そんな中で、以前見たこんなニュースを思い出していた。
『クワズイモによる食中毒』
クワズイモは里芋やハスイモに似たものだが、強い毒性があって食べてはいけないという。誤って口にしてしまうと、嘔吐や下痢、麻痺などの症状が出てしまう。
その記憶が正しいものであるかと思い知らせるように、口の中に続いておなかにも刺激が走る。激痛だ。
おそらくこれはハスイモなんかではなかったのだ。現実世界とこの異世界での違いがあり、まったく同じようなものではないのだろうが、おそらくこれは現実世界でいうところのクワズイモで間違いないだろう。
徐々に強くなってくる吐き気。少しでも症状を和らげようとまだ熱い水を口に含んでやけど覚悟で口をすすぐ。

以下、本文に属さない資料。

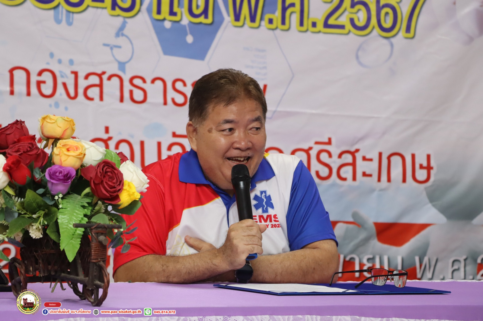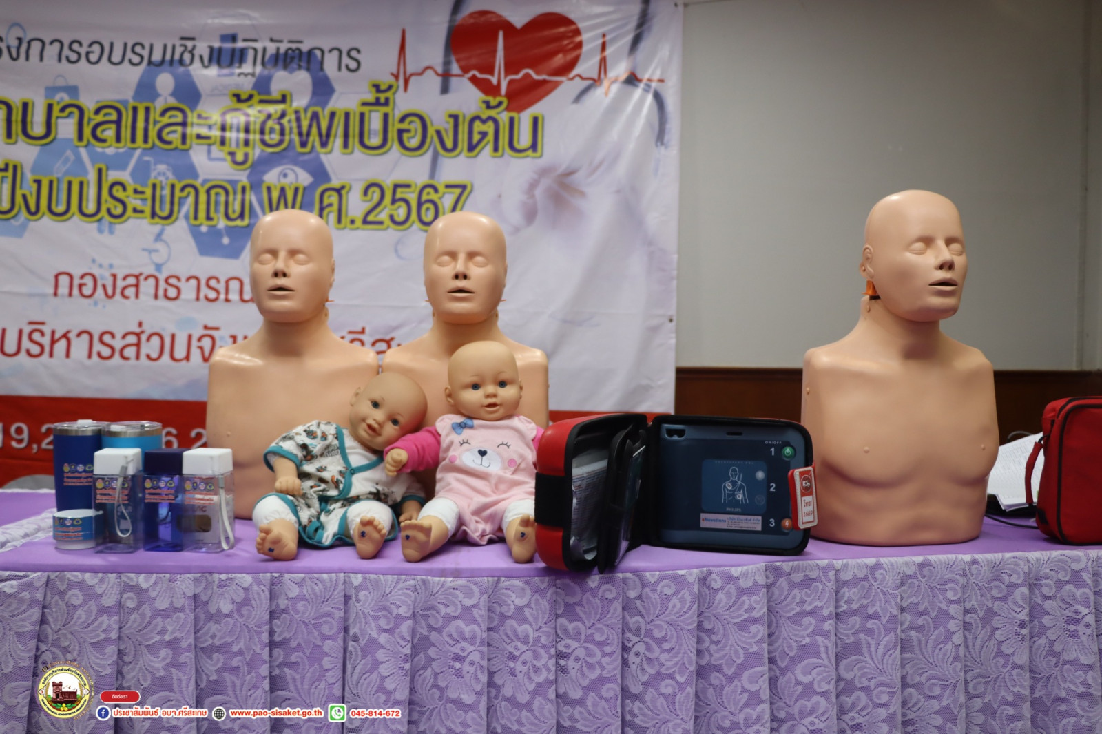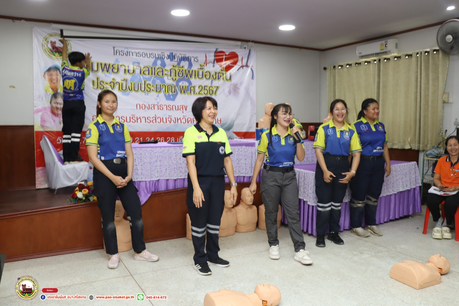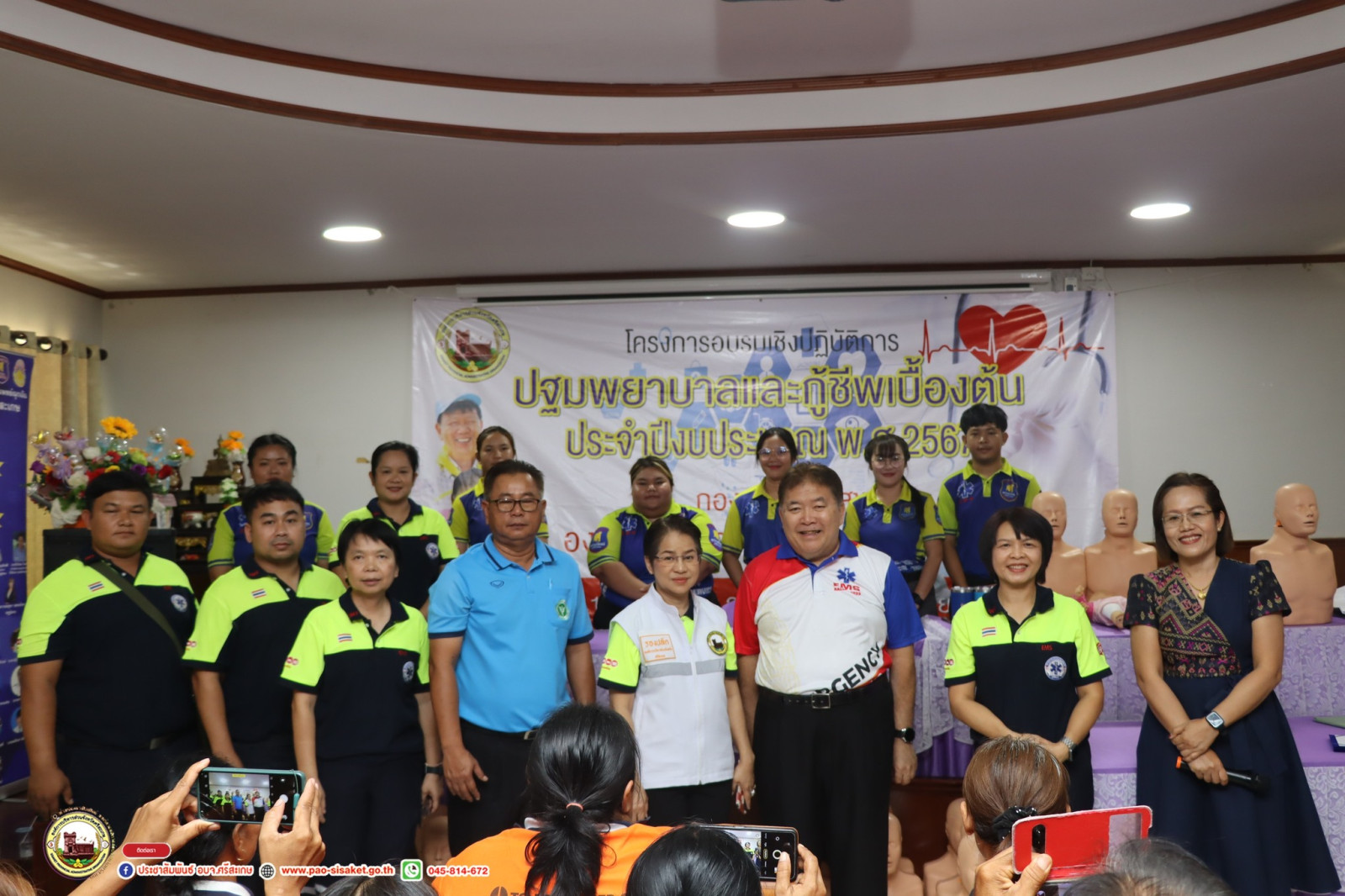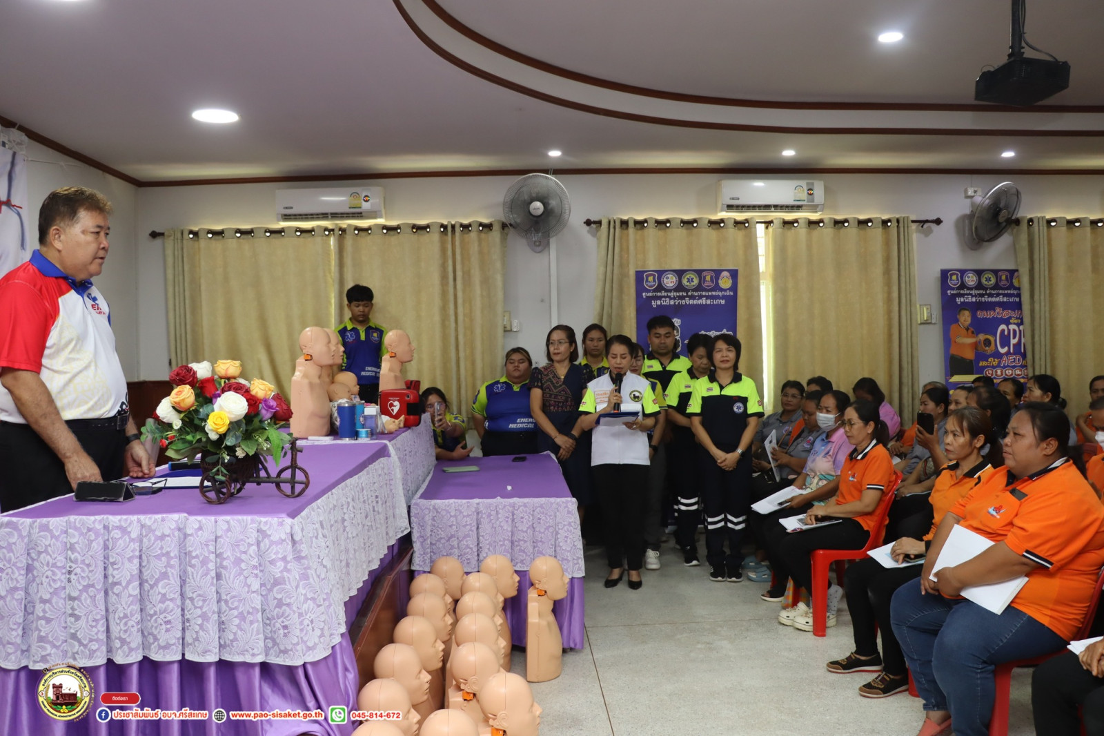วันที่ 7 มิถุนายน 2567 นายวิชิต ไตรสรณกุล นายกองค์การบริหารส่วนจังหวัดศรีสะเกษ นายกองค์การบริหารส่วนจังหวัดศรีสะเกษ มอบหมายให้ มอบหมายให้ นายอภิศักดิ์ แซ่จึง รองนายกองค์การบริหารส่วนจังหวัดศรีสะเกษ เป็นประธานเปิด โครงการอบรมเชิงปฏิบัติการปฐมพยาบาลและกู้ชีพเบื้องต้น ประจำปีงบประมาณ 2567 รุ่นที่2 โดยมีนางสาวรภัทภร สายเย็น รองปลัดองค์การบริหารส่วนจังหวัดศรีสะเกษ เป็นผู้กล่าวรายงาน หัวหน้าส่วนราชการ ข้าราชการ เจ้าหน้าที่ที่เกี่ยวข้องเข้าร่วมโครงการ

多少口の中の痛みは弱まったものの、依然として吐き気は続いている。
飲み込んでしまったが最後、おなかを割って取り出さない限りはこの辛さは続くだろう。
「やらかしたッ……」
そう弱弱しくつぶやく。あまりの辛さに叫びたくなるが、叫ぶような元気などすでに失われてしまっている。
私の記憶が正しければ、クワズイモは切ったときに出る汁に触れるだけでも肌に異常を生じるらしい。
先に少し肌に当てるなどして毒性を確認すればよかった。ここは以前のような安全な食事を好きなだけとれるような環境ではない。
自分の身は自分で守らねばならないのだ。